I'm trying to create a Regex usuable in C# that will allow me to take a list of single letters and/or letter groups and ensure that a word is only comprised of items from that list. For instance:
- 'a' would match 'a', 'aa', 'aaa', but not 'ab'
- 'a b' would match 'a', 'ab', 'abba', 'b', but not 'abc'
- 'a b abc' would match 'a', 'ab', 'abc', 'aabc', 'baabc', but not 'ababac'
I thought something of the form
(a|b|abc)*
would work, but it incorrectly matches the last term.
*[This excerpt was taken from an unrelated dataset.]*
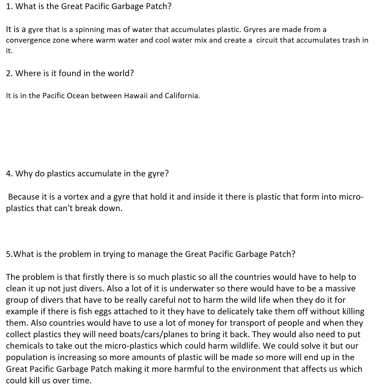 5.What is the problem in trying to manage the Great Pacific Garbage Patch?
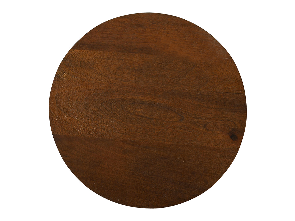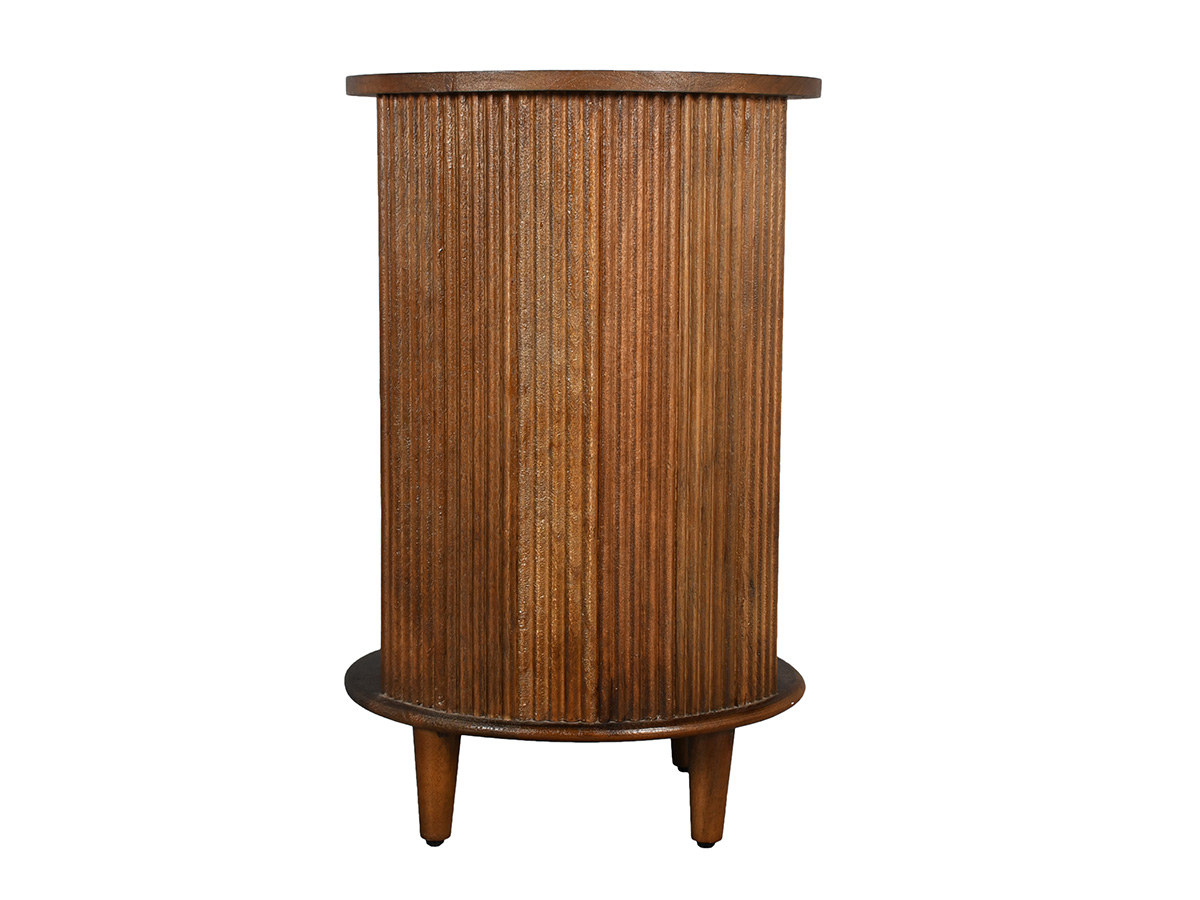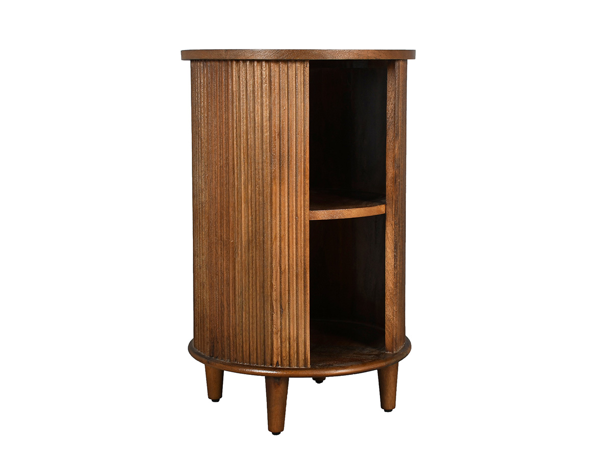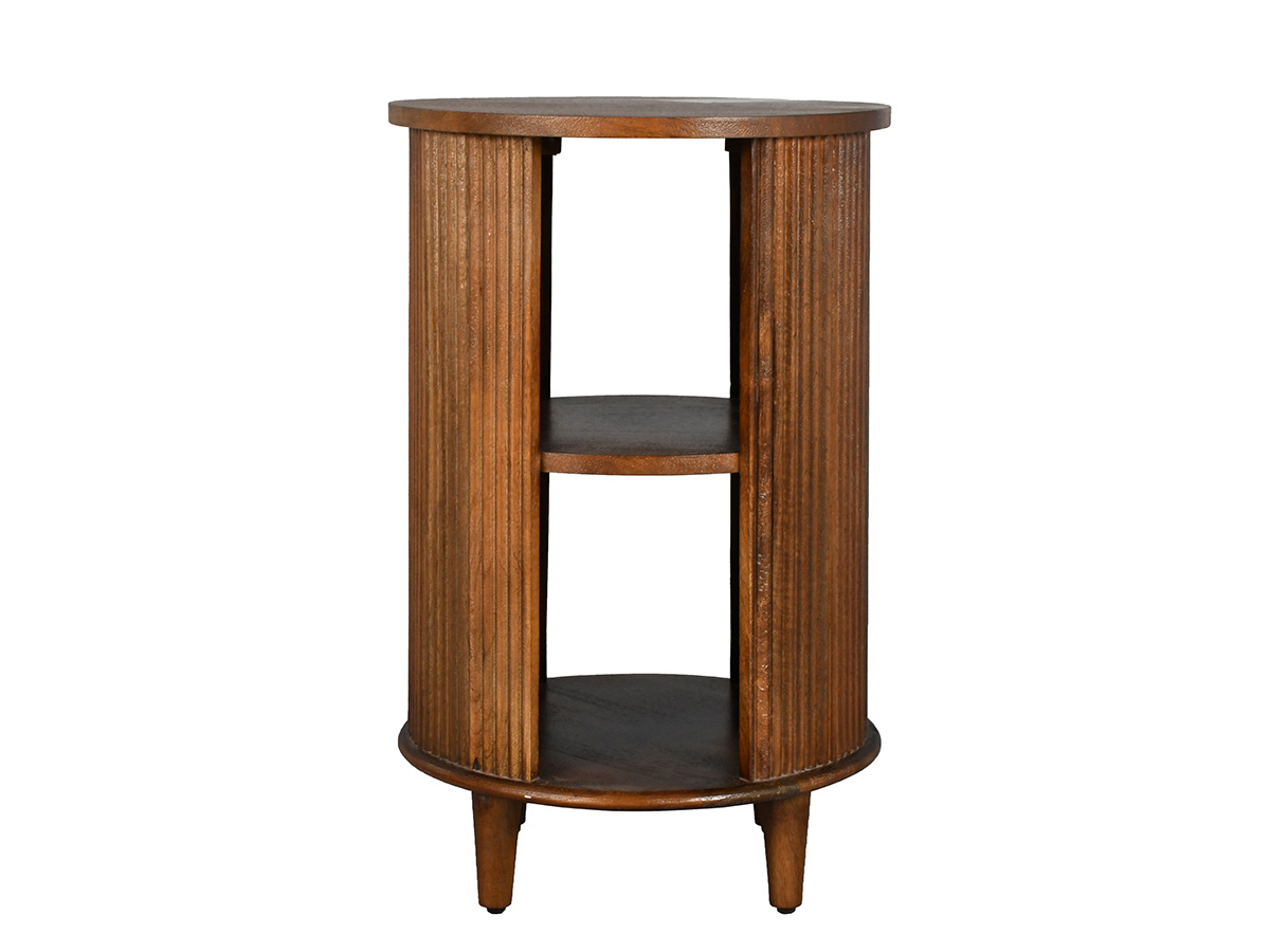 Het nachtkastje Olivia is gemaakt van mangohout met een donkere afwerking. Dit ronde nachtkastje is rondom bekleed met latjes. In het midden bevinden zich twee vakken.

Here's the code I'm testing with:
[Fact]
public void TestRegex()
{
Regex regex = new Regex("(a|b|abc)*");
regex.IsMatch("a").ShouldBeTrue();
regex.IsMatch("b").ShouldBeTrue();
regex.IsMatch("abc").ShouldBeTrue();
regex.IsMatch("aabc").ShouldBeTrue();
regex.IsMatch("baabc").ShouldBeTrue();
// This should not match ... I don't think anyway
regex.IsMatch("ababac").ShouldBeFalse();
}
I have a pretty basic understanding of regex, so apologies if I'm missing something obvious here :)
Update I don't understand why your counter-example is a counter-example : ababac = a b a bac. cCould you clarify ?
I only want to use 'a', 'b', and 'abc' - 'bac' would be a completely different term.
Let me give another example: Using 'ba' and 't', I could match the word 'bat', but not 'tab'. The order of the letters inside the letter groups is important.
(Tests with Diadistis' solution)
[Fact]
public void TestRegex()
{
Regex regex = new Regex(@"\A(?:(e|l|ho)*)\Z");
regex.IsMatch("e").ShouldBeTrue();
regex.IsMatch("l").ShouldBeTrue();
regex.IsMatch("ho").ShouldBeTrue();
regex.IsMatch("elho").ShouldBeTrue();
regex.IsMatch("hole").ShouldBeTrue();
regex.IsMatch("holle").ShouldBeTrue();
regex.IsMatch("hello").ShouldBeFalse();
regex.IsMatch("hotel").ShouldBeFalse();
}